Haha I caught him playing with his feather Sorry there such crappy photos he wouldnt hold still for me to get a good shot.


----------



## xoxsarahxox (Dec 13, 2010)

also i must say i have toilet paper in my room to clean up Aero poop


----------



## roxy culver (May 27, 2010)

How cute!!!


----------



## xoxsarahxox (Dec 13, 2010)

Thanks every feather he lost today he had to play with it and then hed get mad if i tried to take his feather away


----------



## Belinda (Oct 9, 2010)

Haha, Arnella does this too... she'll hold onto that feather & carry it around with her. She's like a dog with a bone. Aero and Arnie have lots in common


----------



## xoxsarahxox (Dec 13, 2010)

Belinda said:


> Haha, Arnella does this too... she'll hold onto that feather & carry it around with her. She's like a dog with a bone. Aero and Arnie have lots in common


haha they do have lots in common


----------



## lperry82 (Aug 2, 2010)

Ha ha my Lucky is the same  she loves feathers 
I think i have toilet paper every where lol messy they are lol


----------



## beckins (Jul 30, 2010)

What is birds obsession with feathers? lol my two love them too, youd think being covered in them wud mean that their own feathers wudnt fascinate them haha. you twiddle a feather in ur hand n theyre on you XD then they like to run to the edge of my desk and drop them off >.>


----------



## WereAllMadHere (Jan 24, 2011)

lol what cute pictures of Aero!

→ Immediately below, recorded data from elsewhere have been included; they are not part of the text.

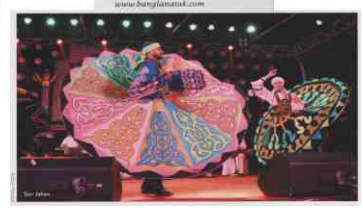
Sur Jahan Kolkata, Goa and Jaipur, India
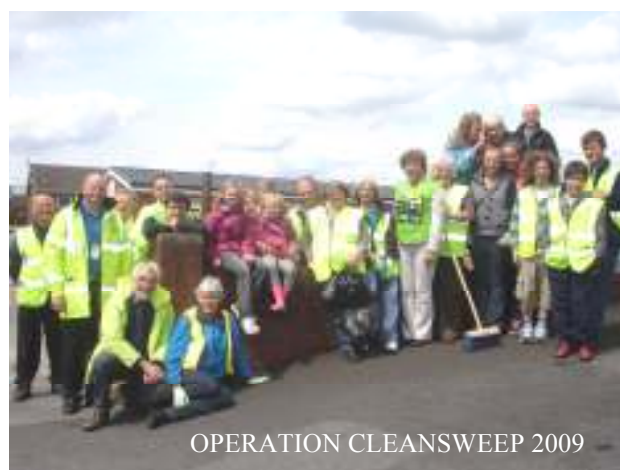
OPERATION CLEANSWEEP 2009
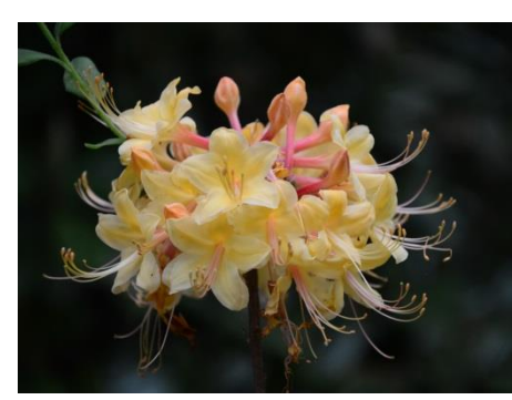
'My Mary' (2015)
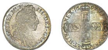
223 Sixpence, 1697, third bust, large crowns, later harp (ESC 1233 [1566]; S 3538). About as struck, nicely toned
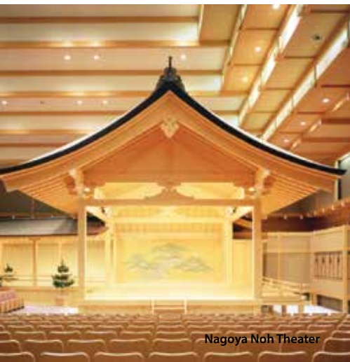
Nagoya Noh Theater

Located in the heart of Japan, Aichi, with its capital Nagoya, has seen over the years several industries flourishing, as well as art and culture. It is also blessed with some beautiful nature. Aichi and Nagoya are where new ideas are born everyday, thanks to its strengths both in academia and industry.
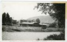
Photo of Glenwood Springs D&RG Depot (1987.26.10)
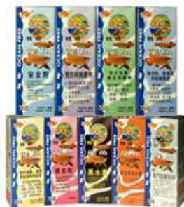
特别龍魚藥品系列 Special Arowana Medication
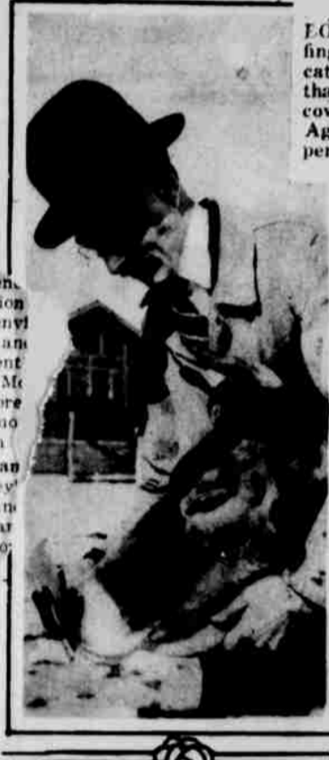
NOSE-PRINTING FOSSY. Adapting the finger-printing idea to the cattleyard—something that will make it hard for cow thieves. A Wisconsin Agricultural College expert takes a print.
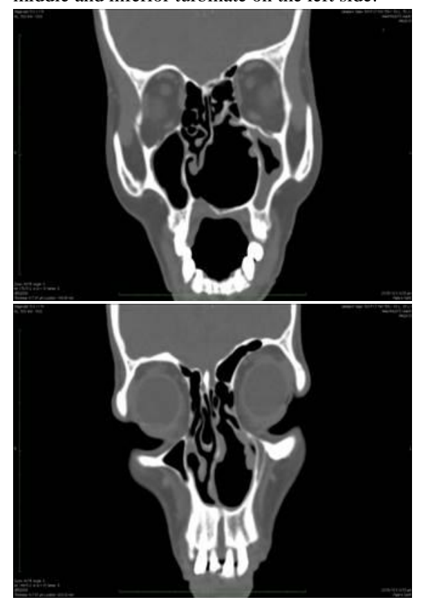
<u>Figure - 1</u>: CT scan showing destruction of middle and inferior turbinate on the left side.
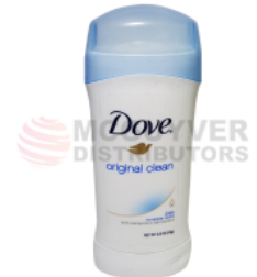
DOVE ORIGINAL CLEAN Price: Login to See Prices
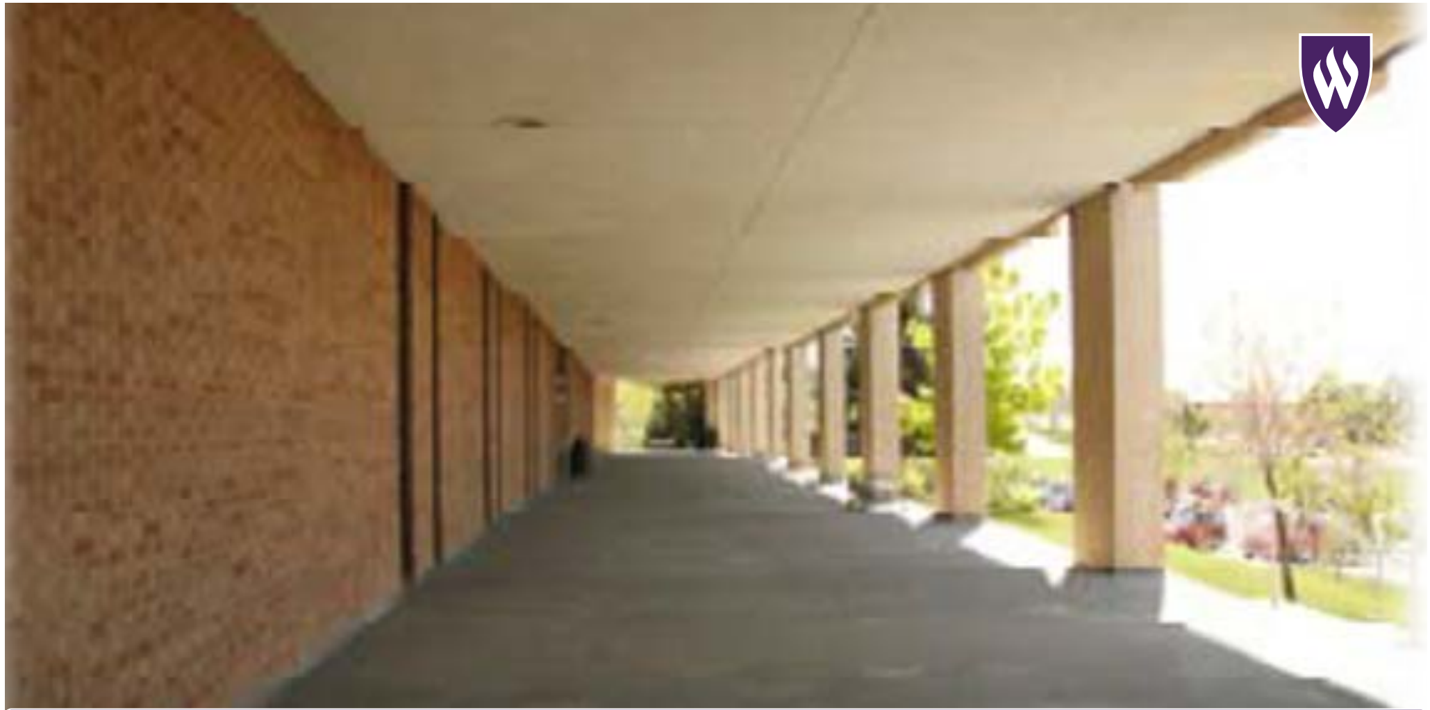
Former Social Science Building Patio
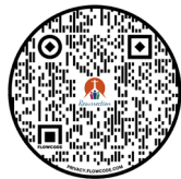
Resurrection Website Homepage

Please use these QR Codes to easily access our website and giving page.
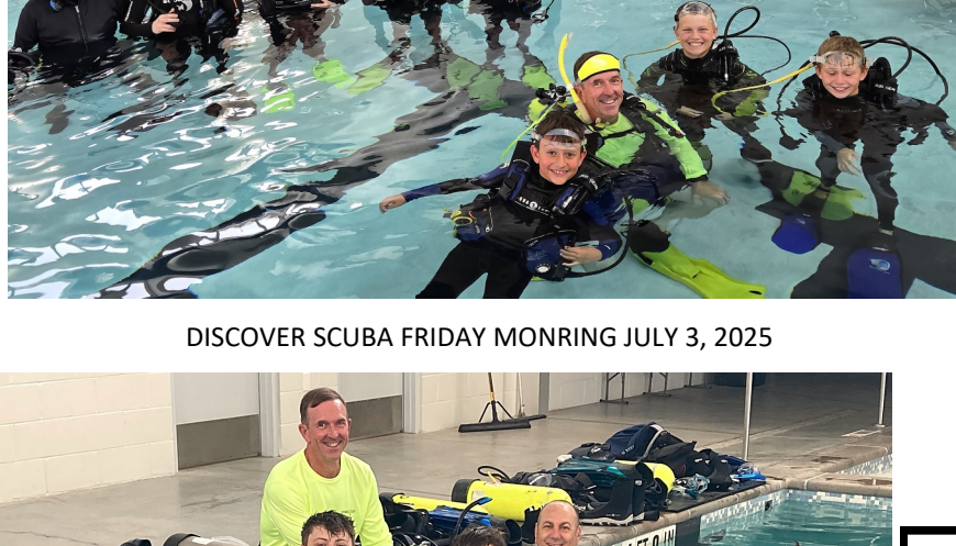
DISCOVER SCUBA FRIDAY MORNING JULY 3, 2025
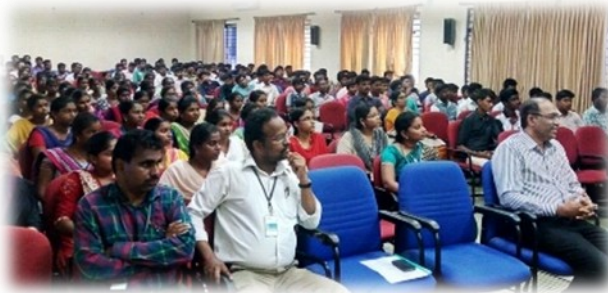
Staff and Students at the association inaugural
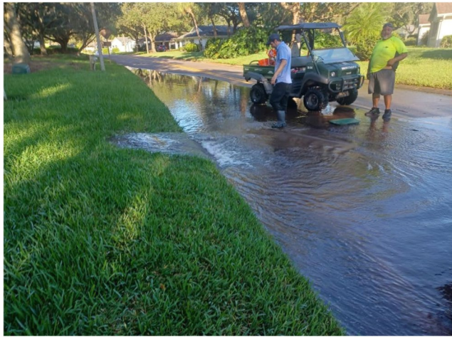
6" Mainline Repair on Hammersmith
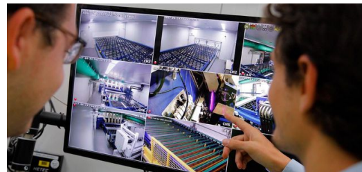
Heating the glass coating very briefly to a high temperature is an essential part of the hardening process. The glass experts at Saint-Gobain spent five years working on their rapid thermal processing method.

Cindy is the same with feathers, if I try to take them away from her she get's really mad!


----------



## pknight1120 (Feb 9, 2011)

LOL, My babies havent shown much interest yet, but they havent had their first molt yet... Rambo, however, my blue and gold macaw, just went thru his first mold and every time a down feather would float thru the air, he would just stare it at like he was trying to figure out what it was, its funny to watch. He also plays with his .. Needless to say, during a macaw molt, the entire living room is COVERED.


----------



## WereAllMadHere (Jan 24, 2011)

lol I bet it would cover everything! I've always wanted a big parrot but I'm afraid it would hurt or kill a smaller bird.


----------



## mistty002 (Dec 21, 2007)

I think that all birds loves to play with their feathers  My loves too


----------